Идя сквозь огонь
Шрифт:
— А ты не мог его спутать с кем-то иным? Сам ведь говорил, что московиты, с их бородами, все на одно лицо…
— Нет, брат, сию рожу я среди сотен других узнаю! — взъярился казак. — Она мне до сих пор является в страшных снах!..
— Где же ты с ним встретился? — боярин вдруг ощутил прилив волнения. — Сказывай!
— Проходя мимо княжьего двора, узрел! — поморщился казак. — Он с другими возчиками привез туда поленья…
— Сдается мне, я разумею, кто сей человек… — задумчиво потер лоб Бутурлин. — Никакой он не московит.
— Что тут у вас? — обратился к побратимам, подойдя сзади, Флориан. — Петр кого-то, встретил?

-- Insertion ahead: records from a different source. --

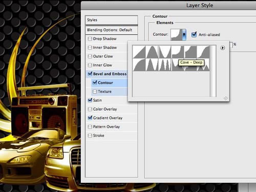 然后再打開這層的混合選項,選擇“光澤”,接下來您需要試驗不同的設置來達到你想要的效果。這里你可以看到有一些深入的變化,我把模式選為疊加,等高線選為雙高峰。具體設置如下圖:
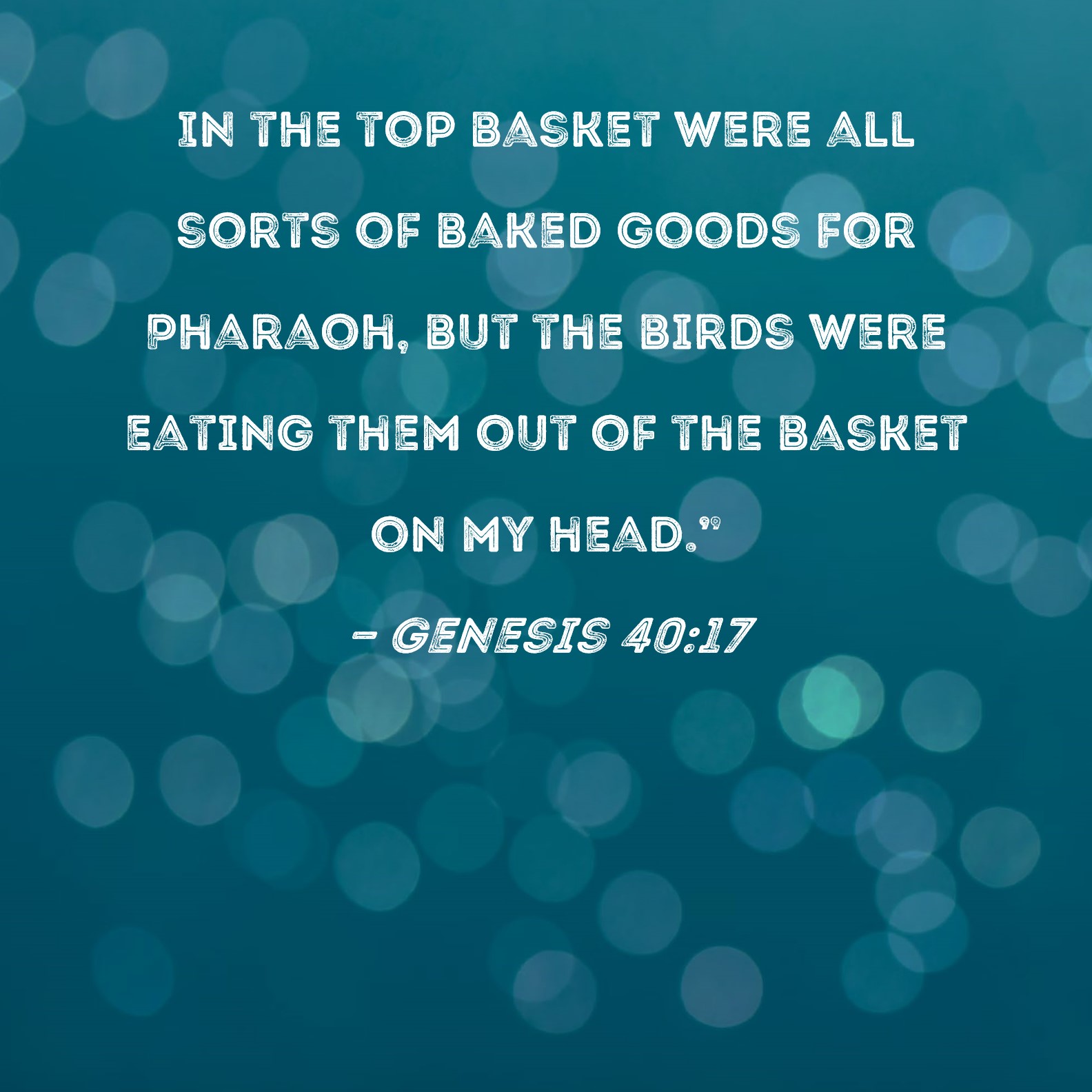 Genesis 40:17 In the top basket were all sorts of baked goods for Pharaoh, but the birds were eating them out of the basket on my head."
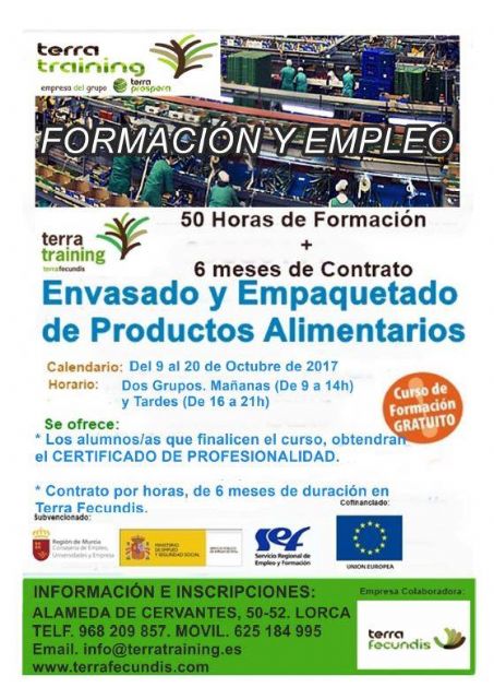 Terra Fecundis, agencia de colocación y empresa de trabajo temporal (ETT) especializada en el trabajo dentro del sector hortofrutícola, tanto en Francia como en España, realiza un curso de envasado y empaquetado de productos alimentarios con 6 meses de contratación por horas. Tras su finalización se ofrecerá un diploma acreditativo con certificado de profesionalidad.
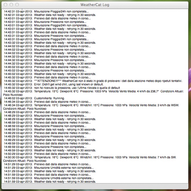 ok sembra che io abbia dei problemi con la comunicazione stazione-pc... a parte il download dei dati, non ancora risolto, controllando la finestra del log di weathercat mi son trovato una serie di errori continui di comunicazione con la stazione, ora non saprei che fare, i driver per il cavo seriale-usb sono ok, la stazione rileva i dati dai sensori, pare però che weathercat faccia fatica a ricevere questi dati....vi allego un istantanea del log....magari qualcuno che ha weathercat sa aiutarmi....anche se so che sono pochi...
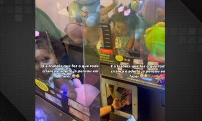 Uma menina de apenas 3 anos protagonizou uma cena inusitada e digna de vídeo viral: Izabela conseguiu entrar dentro de uma máquina de pelúcias em um...
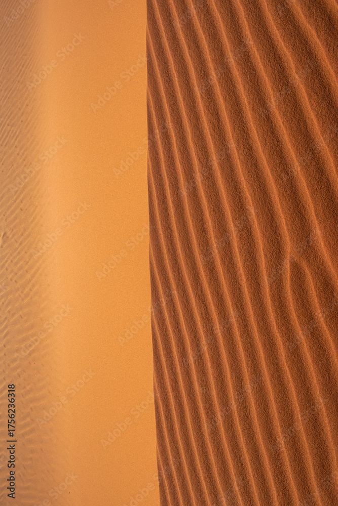 Merzouga, Morocco, Africa: close up and details of Erg Chebbi dunes, view of a dune in the Sahara desert, grains of sand forming small waves on the beautiful dunes at sunset #1756236318
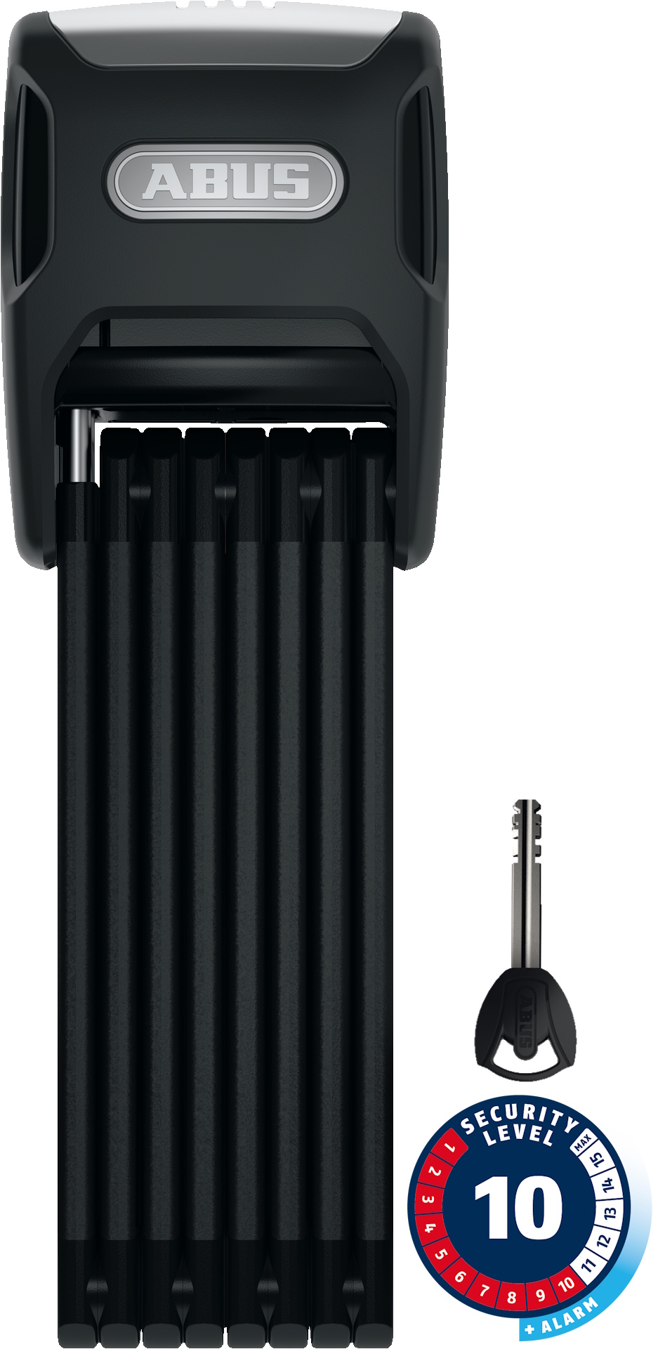 The BORDO Alarm 6000A Folding Lock not only places mechanical barriers in the way of thieves, but also sounds the alarm if it detects tampering. Reliable protection against theft, high flexibility: the BORDO Alarm 6000A. Something to make bike thieves think twice: as well as the ultra-safe mechanical features boasted by all of the folding locks in the ABUS BORDO range, the BORDO Alarm 6000A is the first folding lock anywhere in the world to sound an alarm (at a volume of 100dB) if it detects an attempted attack. It does so thanks to the smart 3D Position Detection sensors, which detect the smallest of movements in all three dimensions. The sensor technology incorporated into the BORDO Alarm 6000A can distinguish between picking attempts and the small vibrations which occur when the lock is connected, for example, or a football bounces nearby; in these situations, the lock will emit a small warning beep but will not sound a full alarm. Acoustic signals provide information on battery level and activity status

— Да, старого знакомого! — процедил сквозь зубы Газда. — Чтоб его наизнанку вывернуло!
— Похоже, встреча не принесла тебе радости, — покачал головой юноша.
— Так же, как и мне! — вскочил в седло Бутурлин. — Нам нужно спешить на княжий двор. Похоже, тать что-то замыслил!
Едва ли Великий Князь смог бы упрекнуть в праздности старшего боярина Воротынского. От рассвета и до заката сей державный муж прилагал усилия к тому, чтобы стольный град не испытывал ни в чем недостатка.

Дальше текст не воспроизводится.